Хруст битого стекла под ногами бил по нервам - словно хрустело не стекло, а кости. Ну, костей он тоже видел немало, и даже знает, как именно они хрустят под ногой…

- Вот теперь я могу сказать, что видел ваш мир. Вот такой он… разный. Пятнистый. Пятна почти нормальной, безмятежной жизни, ваших традиционных жилищ, ваших песен и легенд, пятна выжженной кислотами и ядами земли, пожарищ, могильников. Какие же глупые мы были, Создатель, какие глупые… Мы так наслаждались этими вечерами у костра, этими напитками из трав и ягод, вашей любезностью… Теперь эта любезность выжигает меня изнутри, вот до такой же сажи выжигает, - Винтари провёл рукой по покосившейся стене, показывая оставшийся на ладони след.

НуВил-Рун обернулась.

- Я позвала вас всех сюда не для того, чтоб вы умерли во искупление всего, что перенёс мой народ. Мой народ не хотел ваших страданий. Но какое это имеет значение… Происходит то, что должно происходить. Когда мы рождаемся в первый раз - мы не страдаем. В том отличие нашей расы от вашей - роды у нас лёгкие и для матери, и для дитя. Но тот, кому приходится рождаться второй раз - страдает, потому что пережил смерть. Наш мир пережил смерть, и теперь рождается заново. Глупы не вы, глупы те, кто думал, что мы можем просто вернуться к истокам, можем жить, как раньше, словно ничего не было. С рождающимся второй раз такого не бывает.

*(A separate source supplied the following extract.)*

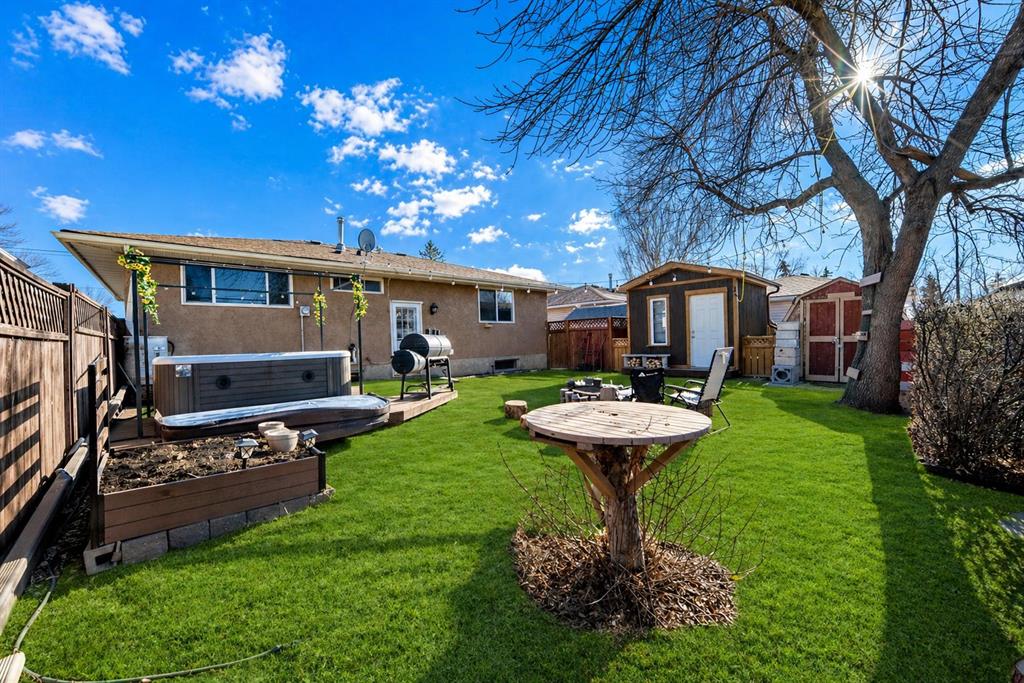 | 3 BEDS | 2 BATHS | SUITED | SEPARATE ENTRANCE | LARGE YARD + HOT TUB | Convenient Location! | Welcome to this bright and inviting bungalow offering a functional layout and excellent flexibility for a variety of lifestyles. Featuring 2+1 bedrooms, this home is well suited for first-time buyers, downsizers, or those looking for additional living space with a suited basement. The main floor showcases gleaming hardwood flooring throughout the bedrooms and hallway, complemented by ceramic tile in the kitchen, bathroom, and both entrances. Large windows in the living area fill the space with natural light, creating a warm and comfortable setting. The kitchen is thoughtfully designed with a centre island and raised eating bar, a well-sized pantry, and a full set of stainless steel appliances, making it ideal for everyday living and entertaining. The kitchen window overlooks the private, treed backyard, adding to the home’s charm. The primary bedroom features a large wall closet with ample storage, while a 4-piece bathroom completes the main level. Downstairs, the fully finished basement includes a separate entrance and offers a great setup for extended family or additional living space. With its own bedroom, bathroom, and functional layout, it adds versatility and value to the home. Additional upgrades include a CitySoft Water Conditioning System supplied and installed through Home Depot. Outside, enjoy a spacious backyard with plenty of room to relax, garden, or entertain. The patio deck and hot tub create the perfect setting year-round, whether hosting summer gatherings or unwinding in the winter. The extended front driveway provides parking for two full-sized vehicles. Storage is abundant with three sheds, including a prefabricated shed by the driveway, a wood-frame workshop with built-in cabinetry, and a mini barn-style shed. One of the standout features of this home is its elevated location. Just two blocks from the Bow River pathway, enjoy scenic views of the Rocky Mountains, Calgary skyline, and Bow River, along with nearby park benches and green space. Conveniently located with easy access to transit, including a direct bus to downtown (Bus #24 to CORE Shopping Centre). By car, Glenmore Trail SE is just minutes away, along with Riverbend Shopping Centre, Costco, Walmart, IKEA, and more. Shoppers Drug Mart, FreshCo, and other everyday amenities are also within walking distance. This home offers a great combination of functionality, space, and convenience. Call your favourite agent to book a showing today!

Шрамы остаются на всю его жизнь. Потому вы и приехали сюда. Раны, нанесённые нам чужаками, должны излечиться чужаками, а точнее - вместе с чужаками. Если б никогда не случилось в наш мир вторжения, ни первого, ни второго - мы б никогда не вступили с вами в контакт, незачем было бы это делать. Мы не могли б друг друга понять, не могли б идти одной дорогой. Но вы, вы все проходили через это. Через войны, пожары, захваты, убийства… Вы все повреждены. И мы теперь такие же, как вы.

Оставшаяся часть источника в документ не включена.